___ RECORDS FOR THE EXERCISE ___
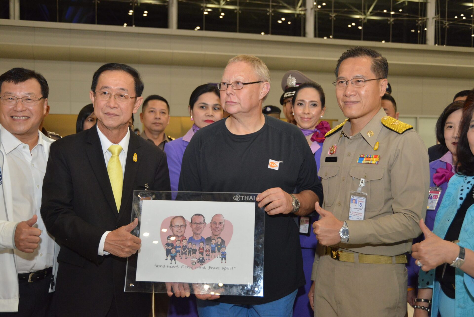 สนามบินสุวรรณภูมิ 4ก.ค.- รมว.ท่องเที่ยวฯ มอบใบประกาศนียบัตรให้ 1 ใน 3 นักดำน้ำอังกฤษ ก่อนบินกลับคืนนี้ เพื่อขอบคุณและตอบแทนน้ำใจที่ปฏิบัติภารกิจช่วยเหลือ13 ชีวิต ทีมหมูป่าอะคาเดมี ส่วนอีก 2 คน ยังช่วยภารกิจอยู่
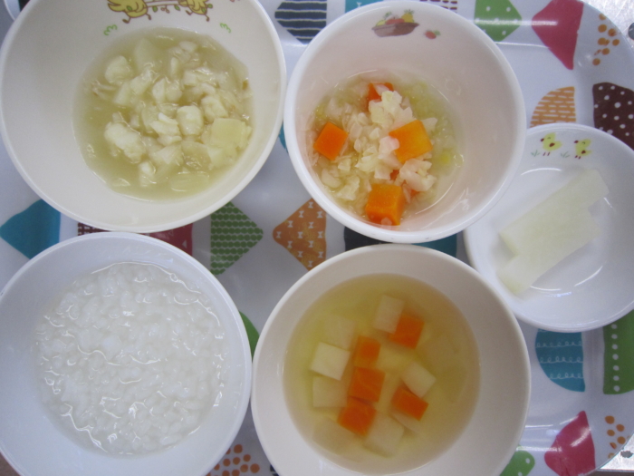 離乳食(後期)は、全粥、白身魚のスープ煮、キャベツの温サラダ、コンソメスープ、大根スティックです。
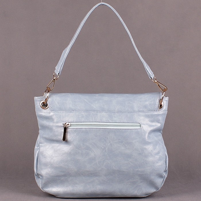 Цвет ярче, чем на картинке - отчетливо голубой. Кожа плотная, сумка удобная.
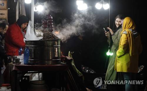 epa09685771 Women wait to buy boiled beetroot and beans at a street food stall in Fasham road, outside Tehran, Iran, 14 January 2022. EPA/ABEDIN TAHERKENAREH
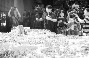 7月15日,媒体记者拍摄上海迪士尼度假区亮点景区模型。
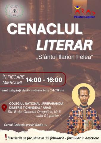 Cercul Redacție presă / Radio -Tv de la Palatul Copiilor Arad în colaborare cu ASCOR Arad, anunță lansarea Cenaclului literar „Sfântul Ilarion Felea” — un proiect dedicat elevilor pasionați de literatură și și scriere creativă. Inițiativa se adresează elevilor cu vârste între 14 și 18 ani și are scopul de a oferi un cadru prietenos în care creativitatea, lectura și exprimarea publicistăcă să fie încurajate și dezvoltate. Întâlnirile au loc în fiecare miercuri, între orele 14:00 și 16:00, la Colegiul Național „Preparandia Dimitrie Țichindeal” Arad (Str. B-dul General Dragalina, Nr. 6) — sala 01, parter. Programul reunește activități specifice unui cenaclu literar: lecturi, discuții critice și ateliere de creație literară. Inscrieri până în 15 februarie.
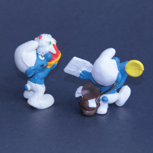 1978 Vintage Smurfs Figures – Postman w/ Valentine & Greedy Smurf w/ Red Cake 💙
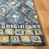 The rug features a mesmerizing pattern that captures the eye and the imagination, displaying an intricate series of geometric designs in a harmonious blue and gold color palette. The varying shades of blue create a serene backdrop, while the gold accents offer a subtle shimmer, providing a luxurious and inviting atmosphere.
___
(ABOUT THIS EXERCISE)
An exact copy of every entry above is needed, minus the pictures.

(PROBLEM SOLUTION)
 สนามบินสุวรรณภูมิ 4ก.ค.- รมว.ท่องเที่ยวฯ มอบใบประกาศนียบัตรให้ 1 ใน 3 นักดำน้ำอังกฤษ ก่อนบินกลับคืนนี้ เพื่อขอบคุณและตอบแทนน้ำใจที่ปฏิบัติภารกิจช่วยเหลือ13 ชีวิต ทีมหมูป่าอะคาเดมี ส่วนอีก 2 คน ยังช่วยภารกิจอยู่
 離乳食(後期)は、全粥、白身魚のスープ煮、キャベツの温サラダ、コンソメスープ、大根スティックです。
 Цвет ярче, чем на картинке - отчетливо голубой. Кожа плотная, сумка удобная.
 epa09685771 Women wait to buy boiled beetroot and beans at a street food stall in Fasham road, outside Tehran, Iran, 14 January 2022. EPA/ABEDIN TAHERKENAREH
 7月15日,媒体记者拍摄上海迪士尼度假区亮点景区模型。
 Cercul Redacție presă / Radio -Tv de la Palatul Copiilor Arad în colaborare cu ASCOR Arad, anunță lansarea Cenaclului literar „Sfântul Ilarion Felea” — un proiect dedicat elevilor pasionați de literatură și și scriere creativă. Inițiativa se adresează elevilor cu vârste între 14 și 18 ani și are scopul de a oferi un cadru prietenos în care creativitatea, lectura și exprimarea publicistăcă să fie încurajate și dezvoltate. Întâlnirile au loc în fiecare miercuri, între orele 14:00 și 16:00, la Colegiul Național „Preparandia Dimitrie Țichindeal” Arad (Str. B-dul General Dragalina, Nr. 6) — sala 01, parter. Programul reunește activități specifice unui cenaclu literar: lecturi, discuții critice și ateliere de creație literară. Inscrieri până în 15 februarie.
 1978 Vintage Smurfs Figures – Postman w/ Valentine & Greedy Smurf w/ Red Cake 💙
 The rug features a mesmerizing pattern that captures the eye and the imagination, displaying an intricate series of geometric designs in a harmonious blue and gold color palette. The varying shades of blue create a serene backdrop, while the gold accents offer a subtle shimmer, providing a luxurious and inviting atmosphere.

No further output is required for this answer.